W ILD A CTOR: Unconstrained Identity-Preserving Video Generation - Summary

Summary (Overview)

  • Proposes Actor-18M, a large-scale human video dataset of 1.6M videos with 18M corresponding identity-consistent reference images, designed to overcome viewpoint bias and enable learning of view-invariant human representations.
  • Introduces W ILD A CTOR, a framework for any-view conditioned human video generation, featuring an Asymmetric Identity-Preserving Attention (AIPA) mechanism to prevent identity leakage/pose-locking and an Identity-Aware 3D RoPE (I-RoPE) for token separation.
  • Develops a Viewpoint-Adaptive Monte Carlo Sampling strategy that dynamically re-weights reference images during training to encourage complementary viewpoint coverage and balanced manifold learning.
  • Establishes Actor-Bench, a comprehensive evaluation benchmark, and demonstrates that W ILD A CTOR outperforms existing methods in maintaining full-body identity consistency under challenging viewpoint changes, motions, and long-form narratives.

Introduction and Theoretical Foundation

Production-ready human video generation requires digital actors to maintain strictly consistent identities across shots, viewpoints, and motions—a principle known as "physical permanence" in cinematography.

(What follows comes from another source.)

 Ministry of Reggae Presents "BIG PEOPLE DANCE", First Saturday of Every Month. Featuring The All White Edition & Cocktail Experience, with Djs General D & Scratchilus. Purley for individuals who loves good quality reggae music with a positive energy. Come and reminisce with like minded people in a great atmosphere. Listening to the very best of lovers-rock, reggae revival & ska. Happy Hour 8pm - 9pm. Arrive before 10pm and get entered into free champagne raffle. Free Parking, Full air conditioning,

Current diffusion-based video generation models often suffer from identity drift (changing facial/body features) or pose-locking/copy-paste artifacts (subjects appearing rigid). Prior methods are limited by being face-centric (causing "floating head" hallucinations) or relying on naive full-image injection. A critical bottleneck is the lack of large-scale datasets capturing humans under diverse, unconstrained viewpoints and environments. This paper addresses these challenges by curating a novel dataset and proposing a generation framework that decouples identity information from backbone representations to achieve robust, view-invariant human synthesis.

Methodology

1. The Actor-18M Dataset

A large-scale dataset constructed to provide dense, identity-consistent supervision.

  • Collection & Filtering: 1.6M single-person videos are collected and filtered using facial similarity (Deng et al., 2019) and dense point tracking to ensure subject consistency.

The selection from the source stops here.